Subject: Marine Geospatial Ecology Tools (MGET) help
Text archives
From: | "Jason Roberts" <> |
---|---|
To: | "'Anders Knudby'" <> |
Cc: | <> |
Subject: | RE: [mget-help] Random Forest predictions |
Date: | Fri, 2 Nov 2012 10:48:17 -0400 |
Hi Anders,
Here is the critical piece of code, from the file PredictModel.r (if you have
ArcGIS 10.0 it will be in
C:\Python26\ArcGIS10.0\Lib\site-packages\GeoEco\Statistics\PredictModel.r):
# Handle random forest models fitted with randomForest or party.
else if (!is.null(rPackage) && rPackage %in% c("randomForest", "party"))
{
# For binary classification forests, get the predicted probability of
# the second class and apply the cutoff.
if (rPackage == "randomForest" && model$type == "classification" &&
minResponseValue == 0 && maxResponseValue == 1)
{
predictedResponse <- as.vector(suppressWarnings(predict(model,
newdata=predictorValues, type="prob")[,2]))
if (!is.null(cutoff))
predictedResponse <- as.integer(predictedResponse >= cutoff)
}
else if (rPackage == "party" &&
(model@responses@is_nominal[1]
||
model@responses@is_ordinal[1])
&& minResponseValue == 0 && maxResponseValue == 1)
{
predictedResponse <- sapply(suppressWarnings(predict(model,
newdata=predictorValues, type="prob")), "[", i = 2)
if (!is.null(cutoff))
predictedResponse <- as.integer(predictedResponse >= cutoff)
}
# For other models (regression forests or classification forests with
# more than two classes), get the predicted response. For
classification
# forests, coerce it to an integer.
else
{
predictedResponse <- suppressWarnings(predict(model,
newdata=predictorValues, type="response"))
if (is.factor(predictedResponse))
predictedResponse <- as.integer(as.vector(predictedResponse))
else
predictedResponse <- as.vector(predictedResponse)
}
}
So, what MGET does depends on whether it is a binary classification
forest--that is, a classification forest with two classes, 0 and 1. If it is,
then MGET calls predict(..., type="prob") and extracts the second column of
the result. That column contains the predicted probability of the second
class (i.e. the predicted probability, a continuous value ranging from 0 to
1, that the result was a 1 rather than a 0). If the user provided a cutoff
value (e.g. for ROC analysis), MGET applies it to convert the continuous
probability to a binary value of 0 or 1.
For all other models--classification forests with more than two classes, or
regression forests in which the response is a continuous value (e.g. the
weight of an animal)--MGET calls predict(..., type="response"). This returns
the predicted response. If I recall correctly, it is a matrix of floats, so
the bit of code after predict() coerces those into a vector of integers for
classification forests or a vector of floats for regression forests, because
later parts of MGET like vectors rather than matrices. (But I might be
misremembering the reason for that code.)

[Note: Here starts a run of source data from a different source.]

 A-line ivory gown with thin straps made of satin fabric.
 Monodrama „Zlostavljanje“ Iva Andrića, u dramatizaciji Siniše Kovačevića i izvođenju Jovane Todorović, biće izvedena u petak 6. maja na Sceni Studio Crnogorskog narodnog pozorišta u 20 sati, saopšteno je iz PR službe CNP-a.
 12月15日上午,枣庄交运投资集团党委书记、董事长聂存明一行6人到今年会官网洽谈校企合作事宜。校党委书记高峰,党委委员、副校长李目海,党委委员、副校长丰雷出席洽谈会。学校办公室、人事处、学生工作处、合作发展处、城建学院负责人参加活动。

I hope that helps. If it does not, let me know. We should be able to obtain
similar results (accounting for the randomness you mentioned), and I would
like to see that happen.
Best,
Jason
-----Original Message-----
From: Anders Knudby
[mailto:]
Sent: Thursday, November 01, 2012 8:32 PM
To:
Subject: [mget-help] Random Forest predictions
Hi, I've been comparing your Random Forest tools to an R script I wrote
myself, here's what I find.
From "Fit Random Forest Model" I get very similar results to my own
(accounting for slight differences from RF inherent randomness). All good.
From "Predict Random Forest from Rasters" I've tried very hard and I
absolutely can't get the same results as I get with this command from R:
predictions = predict(rf_model, newdata=df, type="prob"). Obviously
"rf_model" is my model (which I can get from the randomForest command or
MGET, no difference). "df" has the data I read from my rasters (presumably
identical to what MGET does, I also use .asc files). Is it the type="prob"

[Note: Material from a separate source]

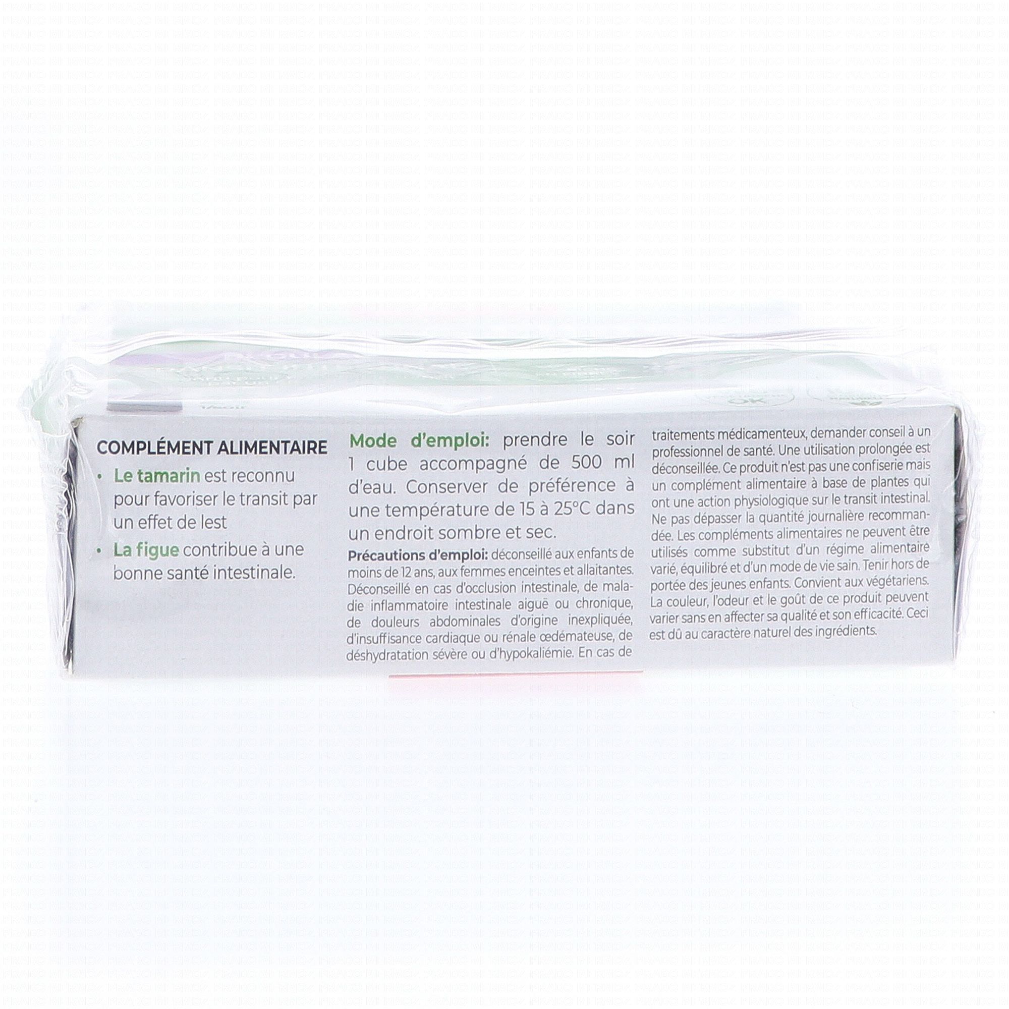 Figues (Ficus carica L. – 7,44 g/cube), sirop de blé (sans gluten); ingrédient alimentaire ayant des propriétés aromatisantes: rhubarbe (Rheum palmatum L./Rheum officinale Baill., sirop de blé (sans gluten)); humectant: glycérine; gomme de guar (Cyamopsis tetragonolobus (L.) Taub. – 400 mg/cube), pulpe de tamarin (Tamarindus indica L. - 400 mg/cube), concentré de dattes (Phoenix dactylifera L. - 200 mg/cube), arôme naturel.

command that is the issue? In the randomForest help I see type options of
"response", "prob" or "vote". My assumption is that if I don't provide a
"binary classification cutoff", MGET would use type="prob". Right?
Any pointers?
Anders
Here is the critical piece of code, from the file PredictModel.r (if you have
ArcGIS 10.0 it will be in
C:\Python26\ArcGIS10.0\Lib\site-packages\GeoEco\Statistics\PredictModel.r):
# Handle random forest models fitted with randomForest or party.

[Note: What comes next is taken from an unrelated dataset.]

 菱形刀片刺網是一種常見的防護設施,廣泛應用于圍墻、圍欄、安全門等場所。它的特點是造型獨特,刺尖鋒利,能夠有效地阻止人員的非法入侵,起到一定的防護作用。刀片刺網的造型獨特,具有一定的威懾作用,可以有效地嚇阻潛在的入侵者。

else if (!is.null(rPackage) && rPackage %in% c("randomForest", "party"))
{
# For binary classification forests, get the predicted probability of
# the second class and apply the cutoff.
if (rPackage == "randomForest" && model$type == "classification" &&
minResponseValue == 0 && maxResponseValue == 1)
{
predictedResponse <- as.vector(suppressWarnings(predict(model,
newdata=predictorValues, type="prob")[,2]))
if (!is.null(cutoff))
predictedResponse <- as.integer(predictedResponse >= cutoff)
}
else if (rPackage == "party" &&
(model@responses@is_nominal[1]
||
model@responses@is_ordinal[1])
&& minResponseValue == 0 && maxResponseValue == 1)
{
predictedResponse <- sapply(suppressWarnings(predict(model,
newdata=predictorValues, type="prob")), "[", i = 2)
if (!is.null(cutoff))
predictedResponse <- as.integer(predictedResponse >= cutoff)
}
# For other models (regression forests or classification forests with
# more than two classes), get the predicted response. For
classification
# forests, coerce it to an integer.
else
{
predictedResponse <- suppressWarnings(predict(model,
newdata=predictorValues, type="response"))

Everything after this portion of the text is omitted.